PURSLANE (Portulaca oleracea)

If you want a weed that you can safely eat raw, try purslane.

A native of southern Asia, pussley —as some folks call it—is at present widely cultivated throughout Europe and the Orient for use as a salad green and potherb. In America, however, relatively few gardeners have discovered how tasty—and nourishing—this small, ground-hugging plant can be.

Although purslane rarely grows taller than two inches, it can—and will!—quickly spread its fleshy, reddish-purple stems and paddle-shaped leaves over a large portion of one's garden. Which is probably just as well, since all above-ground parts of this iron- and calcium-rich semi-succulent are edible. (Harvest only the tender, growing tips, though, if you want to keep your purslane productive all summer long.)

The leaves or tips add a welcome and slightly acidic flavor to salads. In addition, the foliage is delectable either boiled or fried in butter with salt or pepper.

The texture of purslane is somewhat gooey or mucilaginous. If you find this disagreeable, try [1] dipping the plant In a beaten egg, [2] rolling it in a mixture of bread crumbs and flour, and then [3] frying the vegetable until it's brown. The glutinous quality of the leaves is rendered unnoticeable by the procedure. (I should add that this same "gooey" quality makes pussley a good substitute for okra in soups, sauces, and most any recipe calling for a thickener.)
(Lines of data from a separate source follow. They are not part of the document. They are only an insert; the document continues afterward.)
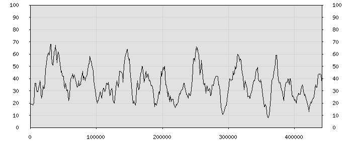 (по горизонтали: счётчик знаков; по вертикали: процент диалогов; размер скользящего окна: знаков, шаг: 1000 знаков) |
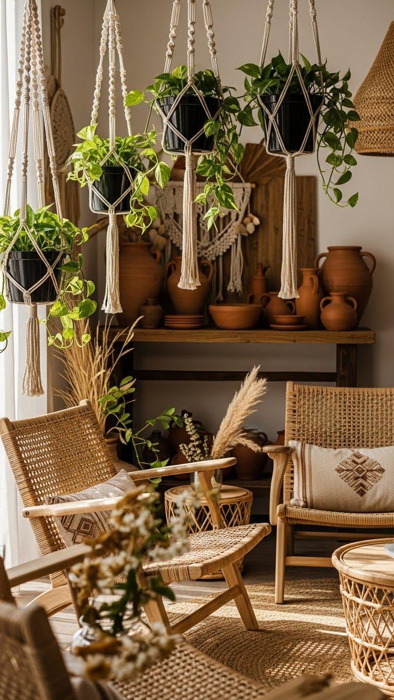Earthy Bohemian: Rattan, Macramé, and Terracotta
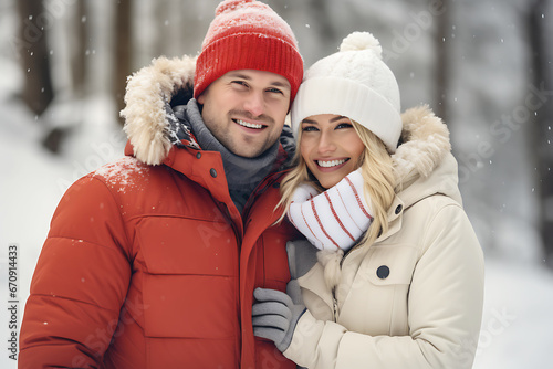 well-being, personal, human relationships, boyfriend, wellness, fashionable, relax, together, hat, activewear, fitness, smiling, informal, happiness, male, wearing, love, family, jacket, couple, female, man, portrait, white, woman, young, caucasian, healthy, lifestyle, cheerful, snow, nature, good mood, cold, winter, park, down jacket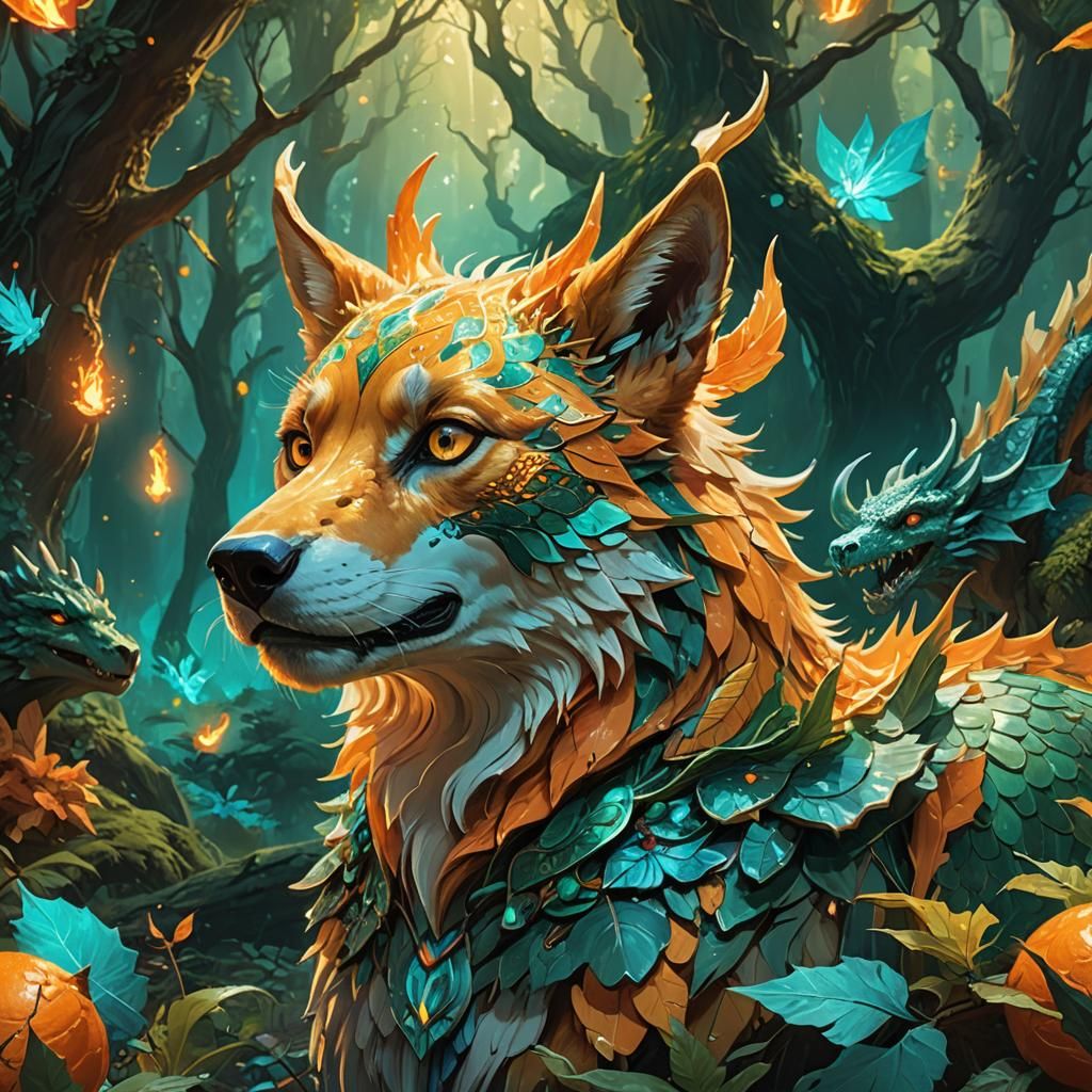 A striking picture of a mythical dragon with doge heads in a vibrant forest. The creature's iridescent scales reflect turquoise, emerald green, fiery orange, and yellow hues, illuminated by ethereal light.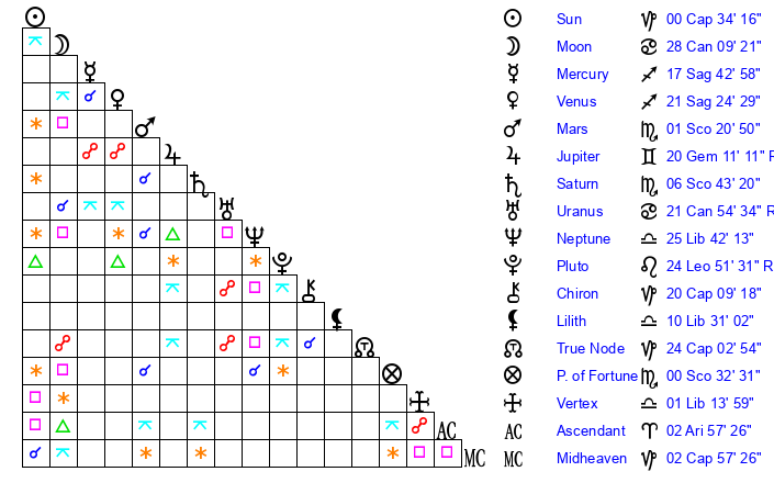 | Sun | 0 Capricorn 34 | 1 Capricorn 6 | 13 Pisces 35 |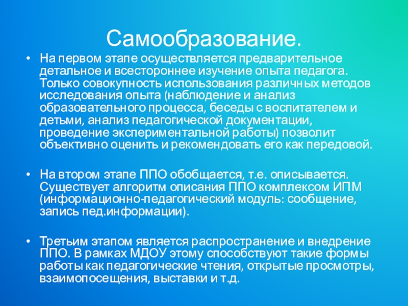Третьим этапом является распространение и внедрение ППО. В рамках МДОУ этому способствуют такие формы работы как педагогические чтения, открытые просмотры, взаимопосещения, выставки и т.д.

You may wish to take advantage of purslane's rich yield of seeds—up to 50,000 per individual plant—for use in breads, biscuits, pancakes, etc. To collect the seeds, simply pick some plants before their pods have fully ripened, lay them out to dry for two weeks on a sheet of plastic film, thrash the dried pussley, and—finally—winnow out the myriad tiny, black seeds.

CURLED DOCK (Rumex crispus)

The docks are some of the hardiest, most widespread, most persistent weeds found anywhere. (Pull one out of the ground—if you can!— and you'll soon find that it's been replaced by two more.) And docks are found practically anywhere: alongside streams and roads and driveways, in pastures and vacant lots and gardens . . . in short, wherever you'd expect a weed to grow!